Вместе с развитием литературной деятельности преп. Максима постепенно раскрывались, углублялись и расширялись и его воззрения. Сперва у преп. отца обнаружились аскетические стремления с довольно слабыми еще мистическими порывами. Богословский интерес преп. Максима, как он выражен в «Главах о любви», был еще, в общем, слабым. Все сводилось у него к возвышенному (почти апофатическому) учению о Боге. Авторитетами были св. Григорий Богослов и Дионисий Ареопагит. Но влияние их было еще не глубоко: у преп. Максима мы видим лишь ряд случайных положений их учения о богопознании, о зле, и даже стиль Ареопагита не сказывается заметно на его образе выражения. Учение преп. Максима о Боге выступает оторванно от целой системы (не выражена ясно идея Первоначала); оно не расширено еще онтологически (учение о λόγοι едва затронуто), не имеет философской глубины и выправки.

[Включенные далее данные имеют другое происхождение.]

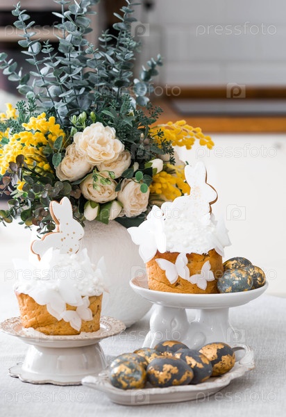 Счастливая Пасха 2026. пасхальный торт с белым кроликом и бабочками, пасхальные яйца со золотом, свечи и весенний букет цветов на столе. стильная пасхальная натюрморт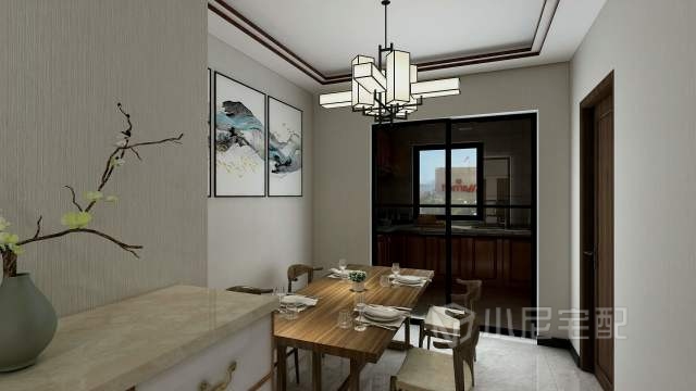 餐廳的吊頂簡單、吊燈復雜,一簡一繁搭配木紋餐桌,古樸中帶有現代,不會讓主人感覺壓抑。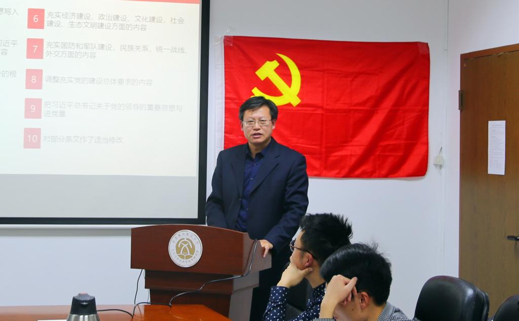 11月28日,为进一步深入学习宣传贯彻党的十九大精神,深化师生党员对十九大精神的理解和感悟,高研院直属党支部在西办公楼105举办学习十九大精神专题党课第二讲,由高研院直属党支部书记于金龙做题为《学习遵守新党章 做新时代合格党员》的党课培训。
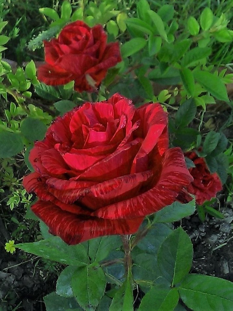 Роза Ред Интуишн (чайно-гибридная) - высота куста 120 см. Цветки красные с темно-красными пятнами и полосами, махровая, цветение непрерывное. Устойчива к заболеваниям.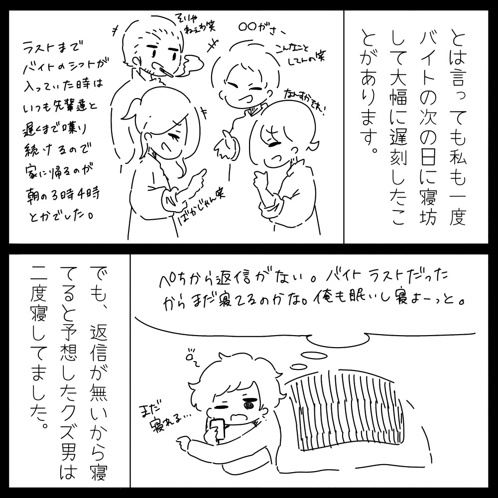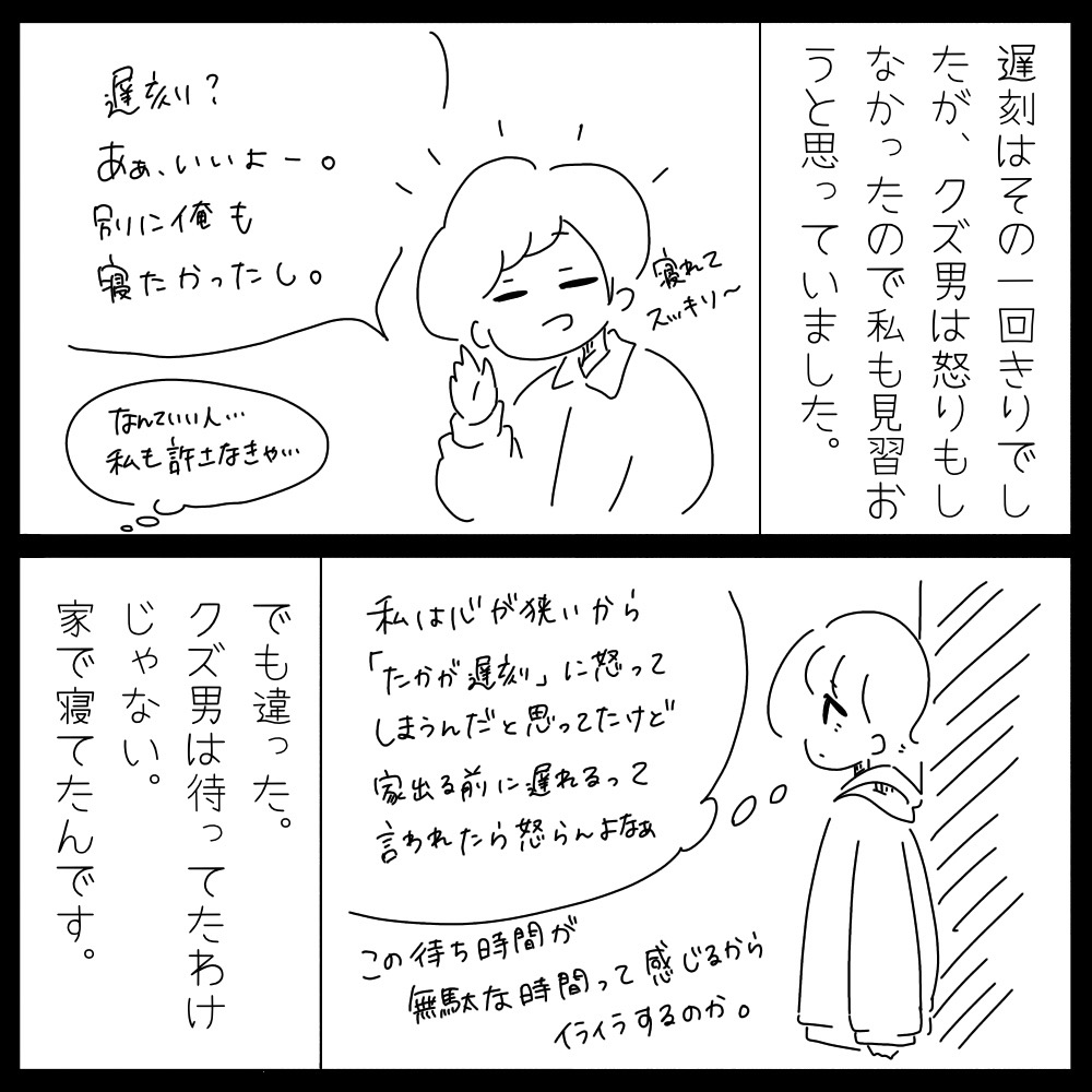 私も遅刻した前科があるので強く言えませんでしたが、そもそも家で寝てた人と外で待ってた人では感じ方が違うのは当たり前です。

В антропологии преп. отец держится еще учения об относительной телесности души, [2208] каковой взгляд он впоследствии отвергал, и притом в связи с другими оригенистическими заблуждениями. [2209] Проблемы искупления и центральная христологическая идея еще не обозначаются на фоне его миросозерцания. Центр тяжести для преп. Максима заключается к аскетике. Его главные авторитеты — Евагрий, преп. Исихий, Марк и Дорофей.

С течением времени, однако, «созерцания» — этот высший вид духовного подвига — выводят преп. Максима из области практических запросов в круг прямых теоретических интересов. Из «Амбигвы» мы видим, как «естественный закон», философская мораль все более и более привлекает к себе его внимание, а вместе с тем возбуждает его интерес к широкой сфере антропологических вопросов, что, в свою очередь, толкает его в область вопросов, поднятых в оригенистических спорах. В большом масштабе захватывается и разрабатывается преп. Максимом антропология; вопрос о предсуществовании душ, еще более важный в космологии Оригена, чем в антропологии, углубляет разработку онтологии преп. Максима и дает ему повод для широкого развития учения о λόγοι, их предсуществовании в Божестве и имманентности в тварном бытии. Центральная идея — о воплощениях Христа — уже в это время сознается им во всей силе и оживляет как аскетику, так и теоретические философские построения.

Но в «Амбигве» мы все же видим еще преобладание «естественного созерцания», или философского умозрения, как в этике, так и в онтологии. В «Толковании на молитву Господню» и «Мистагогии» начинается уже поворот к выяснению сотериологической стороны христианства, впрочем, тоже отчасти под углом зрения «естественного созерцания». В «Толковании на молитву Господню» эта сторона раскрывается еще конспективно, в «Мистагогии» полнее и глубже. Чем дальше, однако, тем больше и больше преп. Максимом овладевает его центральная идея Христа и все глубже и глубже увлекает его в великие тайны христианской сотериологии и христологии, и направляет к богомыслию — в область таинственного домостроительства.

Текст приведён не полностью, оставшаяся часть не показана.